Sono gli ultimi aggiornamenti sulla vicenda forniti da Thae Yong-ho, ex numero due dell’ambasciata del Nord a Londra, rifugiatosi a Seul nel 2016.
Il blitz, riporta l’agenzia Yonhap, sarebbe avvenuto prima del tentativo della ragazza di riunirsi ai genitori.
“Non sono sicuro di quanti figli avesse Jo, ma quella che era in Italia è stata rimandata in Corea del Nord. Jo è attualmente con la moglie”, ha affermato Thae.
La ragazza, che in base a quanto appreso dall’ANSA avrebbe 17 anni, era una studentessa delle superiori. “Non posso più dire pubblicamente a Jo di venire in Corea del Sud”, ha aggiunto Thae, ricordando che il Nord è solito procedere ad aspre punizioni e ritorsioni nei confronti dei familiari delle persone che decidono di disertare a Seul piuttosto che in Paesi terzi.
L’ex diplomatico aveva più volte sollecitato Jo a puntare sul Sud come destinazione finale, sollecitando il governo di Seul a promuovere sforzi in tal senso, favorendone la fuga. Jo era tornato in Italia con un nuovo mandato diplomatico a maggio del 2015, divenendo incaricato d’affari e quindi reggente della sede fino a novembre 2018, a seguito dell’espulsione dell’ ambasciatore Mun Jong-nam a ottobre 2017 in risposta al sesto test nucleare fatto dal Nord appena un mese prima.
Sulla questione interviene il sottosegretario agli Esteri grillino, Manlio Di Stefano: “La storia di Jo Song-gil e di sua figlia, rapita dall’intelligence nordcoreana in Italia, se confermata, sarebbe un caso di una gravità inaudita – scrive su Facebook -. Quando avvenne una cosa simile, il caso Shalabayeva, andai direttamente in Kazakistan per incontrarla e capire cosa fosse accaduto e appurammo responsabilità dirette dell’allora Ministro dell’Interno Alfano. Chi ha responsabilità pagherà , statene certi”
Anche la vicepresidente della Camera, la pentastellata Edera Spadoni, scrive su Twitter: “L’intelligence nordcoreana ha sequestrato su suolo italiano la figlia dell’ambasciatore Jo Song-Gil? Episodio gravissimo. Matteo Salvini venga a riferire in aula quanto prima”.
Sulla vicenda interviene anche Il segretario di Sinistra Italiana, Nicola Fratoianni: “Il governo, il ministro degli Affari Esteri, il Ministro dell’Interno, che capisco impegnato nel denunciare tutti i giorni il pericolosissimo rischio dell’arrivo di qualche Ong sulle nostre coste, vengano a riferire senza indugio in Aula su cosa sia effettivamente accaduto” con la questione della figlia dell’ambasciatore della Corea del Nord”.

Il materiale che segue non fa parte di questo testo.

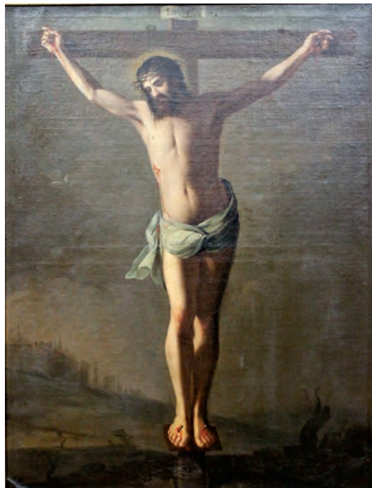
Fig. 8. Cuadro de autor desconocido que representa a Cristo crucificado. Zaragoza, parroquia de Santa Engracia.

en el desierto de José Luzán Martínez y el retablo mayor, cuya parte escultórica (y tal vez la traza del mismo) corrió a cargo del joven Lamberto Martínez Lasanta, discípulo de José Ramírez de Arellano. Como ya dejó anotado Faustino Casamayor (1795: 116r y ss.), muy destacada fue la participación en este proceso ornamental de Francisco Bayeu, quien entre 1761 y 1763 pintó al fresco en las pechinas de la cúpula elíptica cuatro representaciones de Santos Doctores (según Antonio Ponz) o bien de los santos mártires de devoción local Valero, Braulio, Prudencio y Eugenio (según Juan A. Ceán Bermúdez); sobre el altar mayor, en un luneto en arco apuntado, la Santísima Trinidad en la Gloria (cuyo boceto acabado se conserva en el Museo del Prado); el lienzo principal del altar mayor, con el Martirio de santa Engracia ; a ambos lados del presbiterio, sobre las puertas de la sacristía, otros dos del Nacimiento de Cristo y la Epifanía ; en el crucero del lado de la Epístola, un cuadro de la Sagrada Familia 43 y otro de San Juan Bautista ; catorce cuadritos de la vida de la Virgen para la sacristía; un retrato de Fernando VI para el monasterio; y una Virgen con el Niño para la celda del prior.
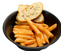
PASTA Í TÓMATSÓSU með brauði
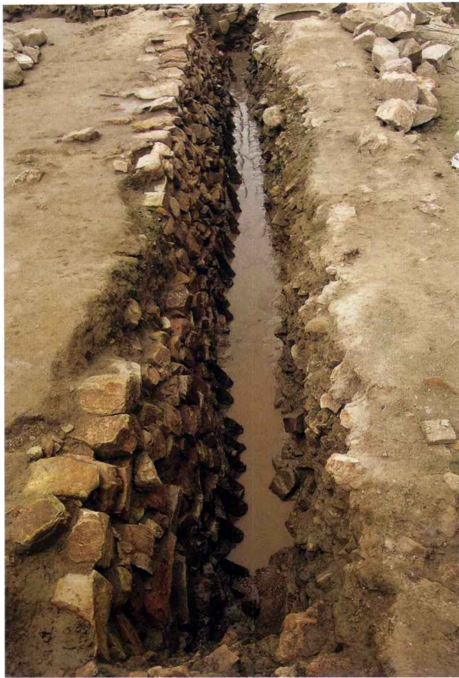
图七 临安城东城墙基础遗迹 (南—北)

两次发掘对研究五代、北宋、南宋三个时期城墙的结构和砌筑方法及杭州城市的变迁提供了重要的实物资料，也为全国重点文物保护单位——南宋临安城遗址保护范围的划定提供了重要依据。

“In questi minuti i principali organi di stampa riportano una notizia che se confermata costituirebbe quanto meno questione di grande imbarazzo per il nostro Paese: uomini dei servizi di sicurezza della Corea del Nord avrebbero prelevato, cioè rapito, sul suolo italiano la figlia dell’ex ambasciatore a Roma di quel Paese. Ripeto: prelevata, rapita e riportata contro la sua volontà in Corea del Nord.Se questa notizia venisse confermata costituirebbe un fatto imbarazzante e anche grave per il nostro Paese: servizi di sicurezza di Paesi stranieri possono operare sul nostro territorio prelevando una persona, in questo caso una minorenne, e rimpatriarla contro la sua volontà ? Una situazione inaccettabile” afferma Fratoianni ricordando per altro che “il nostro Paese non è nuovo purtroppo a fatti di questo tipo. Nella legislatura scorsa ci trovammo di fronte all’imbarazzante caso Shalabajeva, non vorrei che ci dovessimo trovare di fronte ad un caso analogo per una seconda volta. Quindi per tempo chiedo che il governo riferisca in Aula – conclude Fratoianni- e di dare al Parlamento e al Paese notizie chiare su quello che sta accadendo sul nostro territorio nazionale”.
(da “Huffingtonpost”)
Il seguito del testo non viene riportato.